§ **TASK ITEM**
Don't include pictures. Quote the lines below from the first through the line that contains "Aretes de pez".

§ **DATA SHOWN**
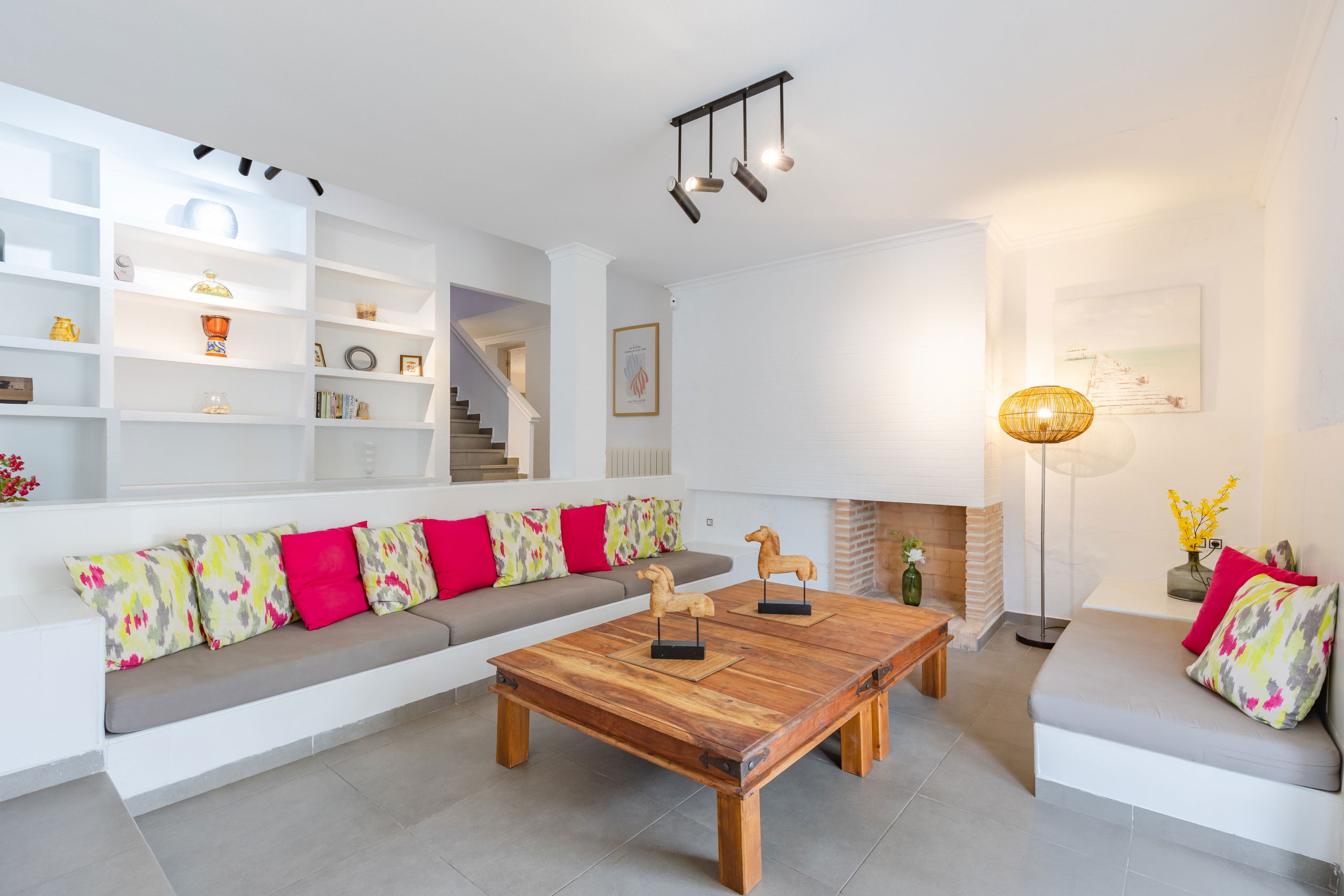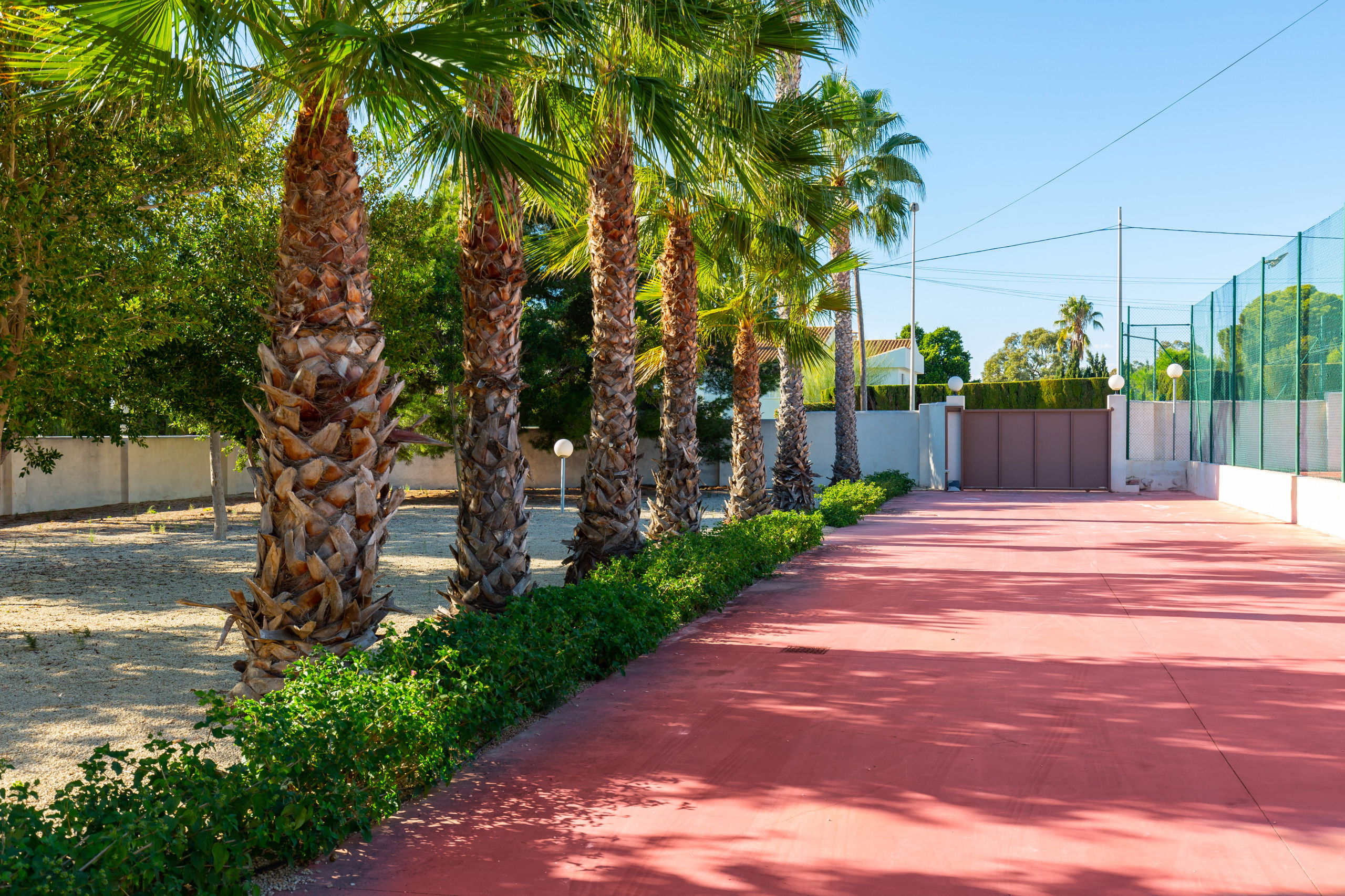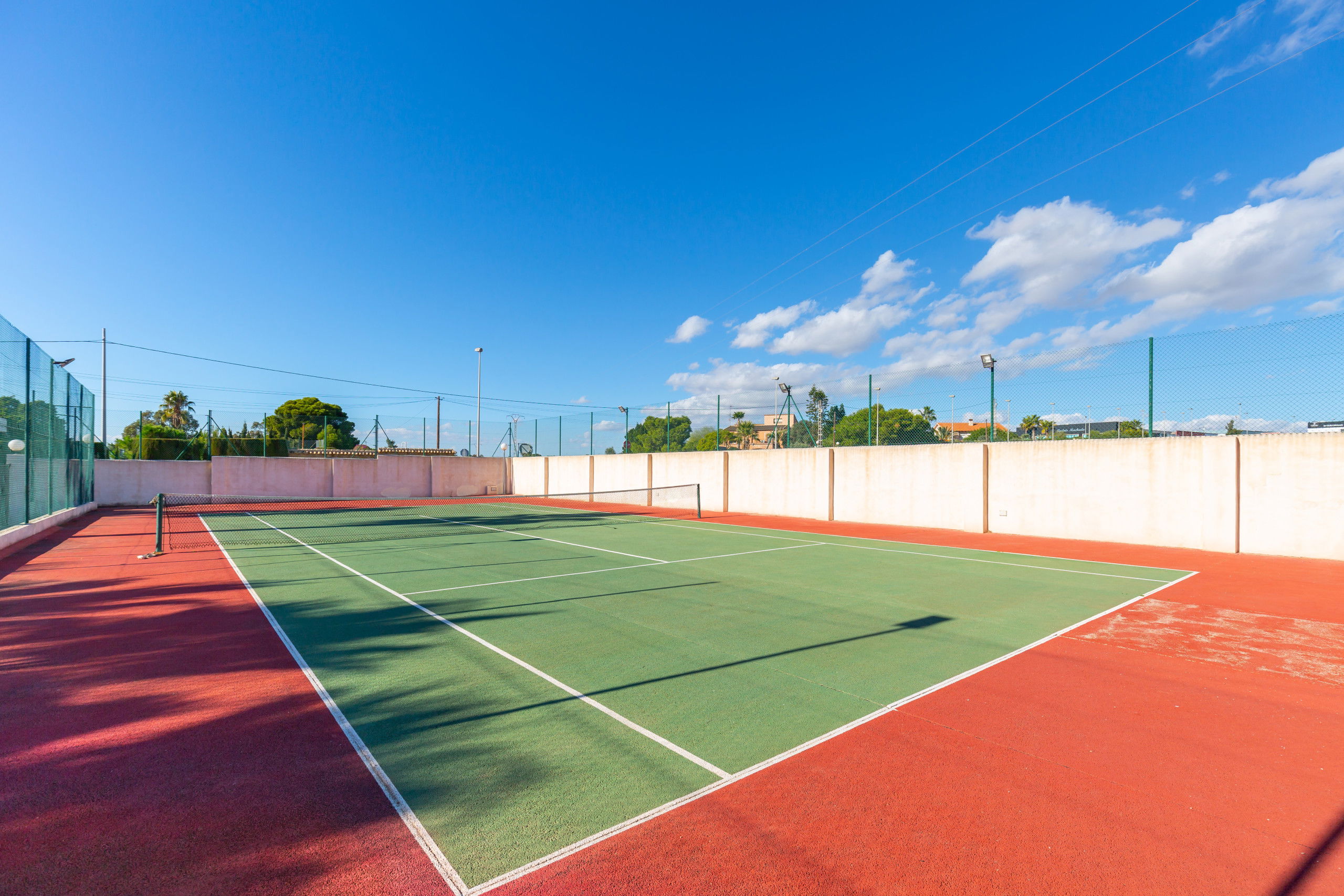 The villa has a tennis court, swimming pool and private barbecue, with a large garden, great for celebrations. Changing rooms with a bathroom is located in the pool area, without the need to enter the villa. Air conditioning and ceiling fans in the the rest of the house, is ideal during hot weather. Inside we can find on the ground floor a fully equipped kitchen with island and dining room, laundry room, main dining room and gazebo and a second living room with stunning fireplace, bathroom and two bedrooms, another games room with table.
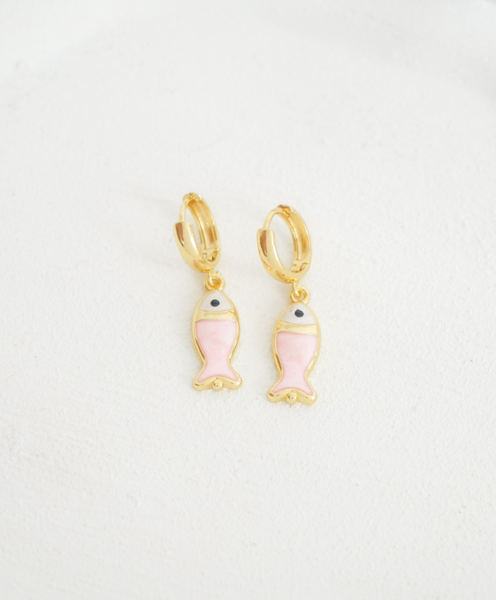 Aretes de pez rosa, fabricados en rodio y con una medida de 3.5cm..
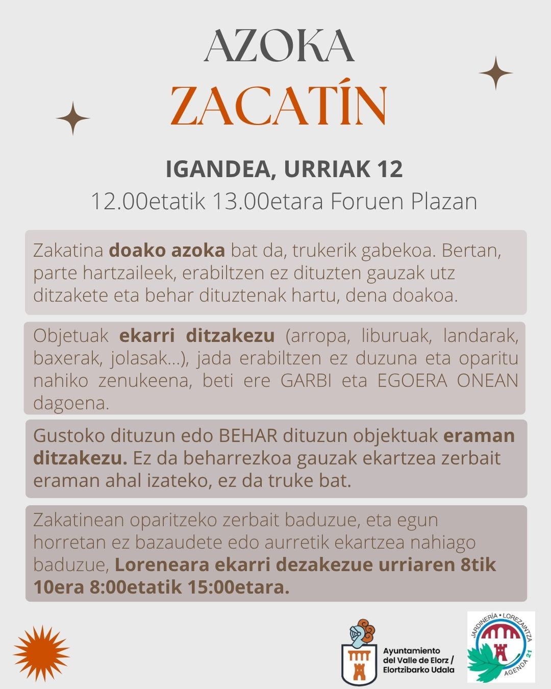 El próximo DOMINGO 12 de OCTUBRE de 12.00 a 13.30, se celebra un nuevo Zacatín en la Plaza de Los Fueros de Noáin.

§ **RESPONSE TO THIS TASK**
 The villa has a tennis court, swimming pool and private barbecue, with a large garden, great for celebrations. Changing rooms with a bathroom is located in the pool area, without the need to enter the villa. Air conditioning and ceiling fans in the the rest of the house, is ideal during hot weather. Inside we can find on the ground floor a fully equipped kitchen with island and dining room, laundry room, main dining room and gazebo and a second living room with stunning fireplace, bathroom and two bedrooms, another games room with table.
 Aretes de pez rosa, fabricados en rodio y con una medida de 3.5cm..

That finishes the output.